Formation of ethyl acetate by Kluyveromyces marxianus on whey during aerobic batch and chemostat cultivation at iron limitation.

The ability of Kluyveromyces marxianus to convert lactose into ethyl acetate offers a chance for an economic reuse of whey. Former experiments with K. marxianus DSM 5422 proved limitation of growth by iron (Fe) or copper as a precondition for significant ester synthesis. Several aerobic batch and chemostat cultivations were done with whey-borne media of a variable Fe content for exploring the effect of Fe on growth, the Fe content of biomass, and metabolite synthesis.

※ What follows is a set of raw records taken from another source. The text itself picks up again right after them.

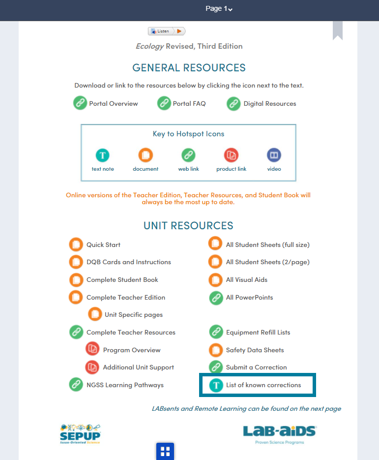 Yes, the Lab-Aids portal contains the most recent versions of Teacher Editions, Teacher Resources, and Student Books. The online versions of these books are automatically updated as corrections are made or as new content is added. This is also stated on the Tools and Resources page (page 1) of each Teacher's Edition.
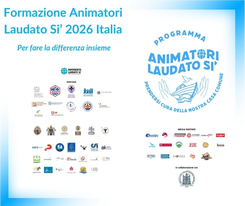 Il Programma Animatori in Italia è promosso insieme a 40 organizzazioni partner tra cui l’Ufficio Nazionale per i Problemi Sociali ed il lavoro della Conferenza Episcopale Italiana, associazioni e movimenti cattolici e congregazioni religiose. Novità del 2026 è la collaborazione con la Pontificia Facoltà teologica dell’Italia Meridionale sez. San Tommaso grazie alla Comunità del Diaconato in Italia, una partnership fondamentale per facilitare un crescente inserimento dell’ecologia integrale nella pastorale ordinaria delle parrocchie e diocesi italiane e la collaborazione con Percorsi di vita appena unitosi
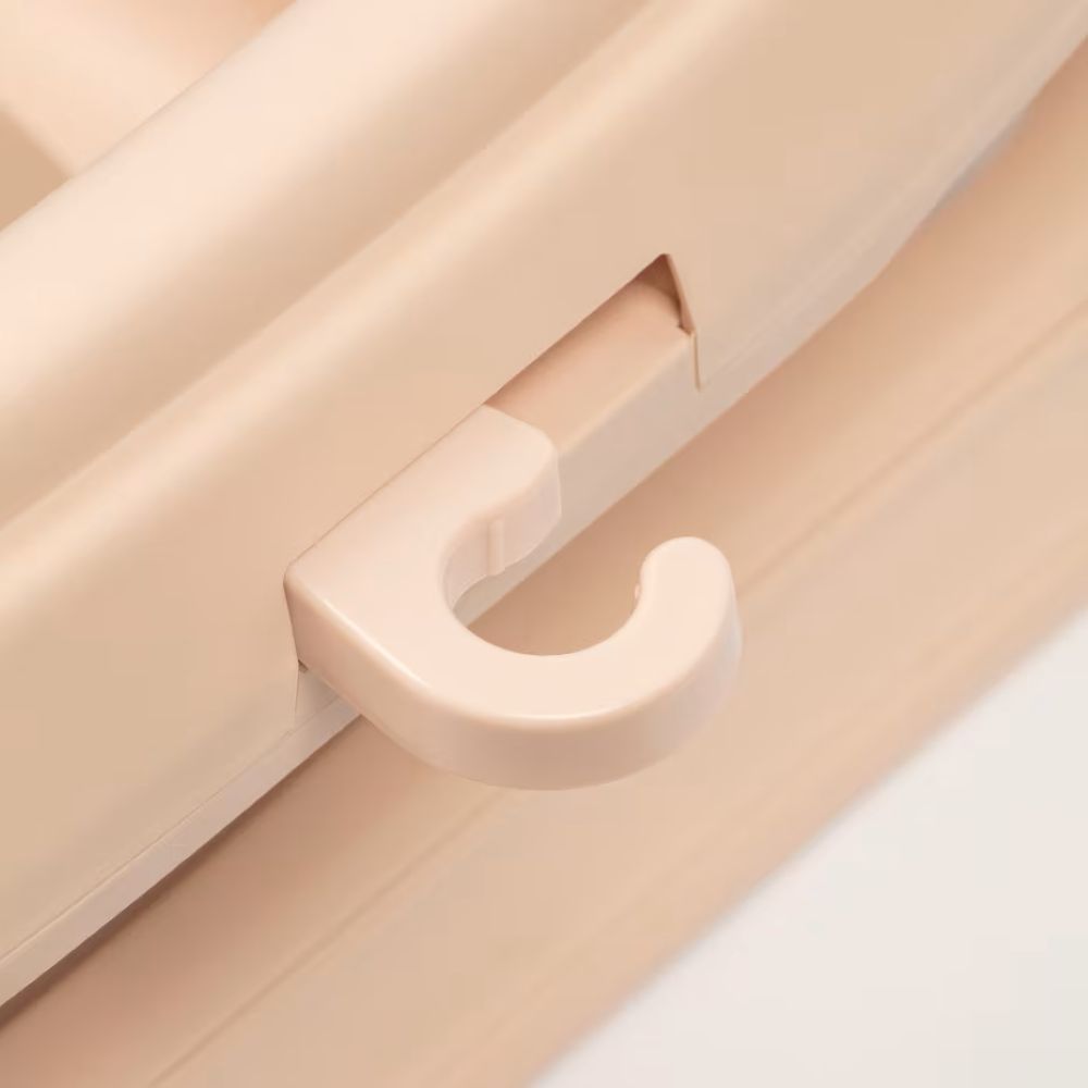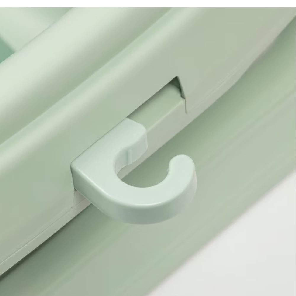 Indigo Plus facilita el momento del baño al pequeño y a ti. La bañera tiene un desagüe grande para poder vaciarla rápidamente después del baño. Puedes colgarla para secarla usando el gancho retráctil y, una vez seca, cerrarla de forma plana para guardarla fácilmente.
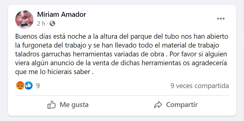 Una vecina del municipio Humanes de Madrid ha utilizado Facebook para denunciar el robo de material de trabajo. La humanense compartía esta mañana, en un grupo de vecinos de la localidad, una publicación desde su perfil en la que relataba lo que le había sucedido.

At low Fe doses, Fe was the growth-limiting factor, the available Fe was completely absorbed by the yeasts, and the biomass formation linearly depended on the Fe dose governed by a minimum Fe content in the yeasts, x (Fe,min). At batch conditions, x (Fe,min) was 8.8 μg/g, while during chemostat cultivation at D = 0.15 h(-1), it was 23 μg/g. At high Fe doses, sugar was the growth-limiting factor, Fe was more or less absorbed, and the formed biomass became constant. Significant amounts of ethyl acetate were only formed at Fe limitation while high Fe doses suppressed ester formation. Analysis of formed metabolites such as glycerol, pyruvate, acetate, ethanol, ethyl acetate, isocitrate, 2-oxoglutarate, succinate, and malate during chemostat cultivation allowed some interpretation of the Fe-dependent mechanism of ester synthesis; formation of ethyl acetate from acetyl-SCoA and ethanol is obviously initiated by a diminished metabolic flux of acetyl-SCoA into the citrate cycle and by a limited oxidation of NADH in the respiratory chain since Fe is required for the function of aconitase, succinate dehydrogenase, and the electron-transferring proteins.